A much larger selection of video framegrabbers are available.
A ruggedized PCI system may be worth further investigation. After an initial look it seems unlikely that such a system could be configured running the VxWorks operating system, neither processor boards nor framegrabbers are available, yet.
Is it worth dropping VxWorks and picking a new operating system to configure a ruggedized PCI system?
Given the trade study thus far, the following computing
system was proposed:
A CompactPCI system comprised of the Gespac PCISYS-57, ImageNation PCX200, and three Gespac PCIIPC-1 boards carrying three IP-629Servo-2, one IP-16ADC, one IP-Digital24, and one IP-Serial (all from Greenspring), mounted in a Zero CPCI6S160ST 6-slot 3U card cage.
Given feedback from reviewers (primarily that a 68332
module should be considered to decode encoder signals and generate PWM
for the motors) the proposed design was mdivled to replace the LM629 based
servos with a single Motorola 68332 chip in an IndustryPack.

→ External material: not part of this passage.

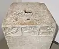 Le ménologe découvert par Colocci à Rome, au Champ de Mars, au 16e siècle est gravé en colonnes sur les quatre faces latérales d'un autel de forme cubique[2] en marbre, à raison de trois mois par côté. Chacune des colonnes comporte, de haut en bas :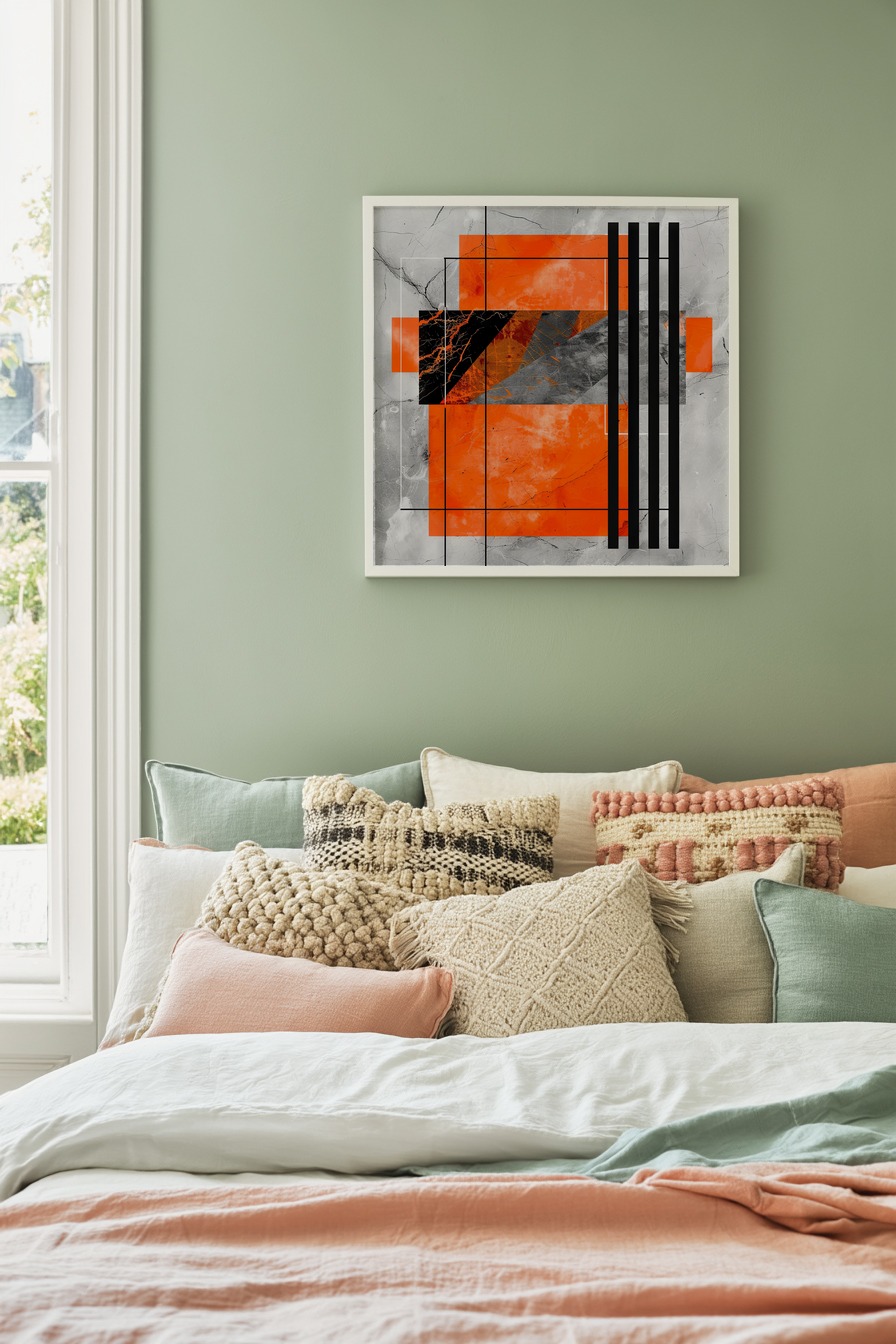 Die klaren schwarzen Linien durchbrechen das leuchtend orange Quadrat markant und präzise. Das Zusammenspiel der eckigen Flächen mit den organisch wirkenden Marmor-Strukturen erzeugt einen spannenden Kontrast. Dieses Bild zeigt ein intensives Spiel aus Kraft und Struktur.

To ease
compatibility between the Motorola chip and the main procesor a PowerPC
solution for the main processor was sought, along with appropriate operating
system architecture extensions.
The final computing system design is:
A CompactPCI system comprised of the Force CPCI-3740 (PowerPC 740 chip), ImageNation PCX200, and two Greenspring CPCI100 boards carrying one IP-68332, one IP-ADIO, and one IP-Serial (all from Greenspring), mounted in a Zero CPCI6S160ST 6-slot 3U card cage. Ethernet is provided by a Force 100bTX PMC module.
Many thanks to Bob Edwards of the Department of Engineering, Australian National University and Dan Christian and Hans Thomas of NASA Ames Research Center for their review, comments, and suggestions.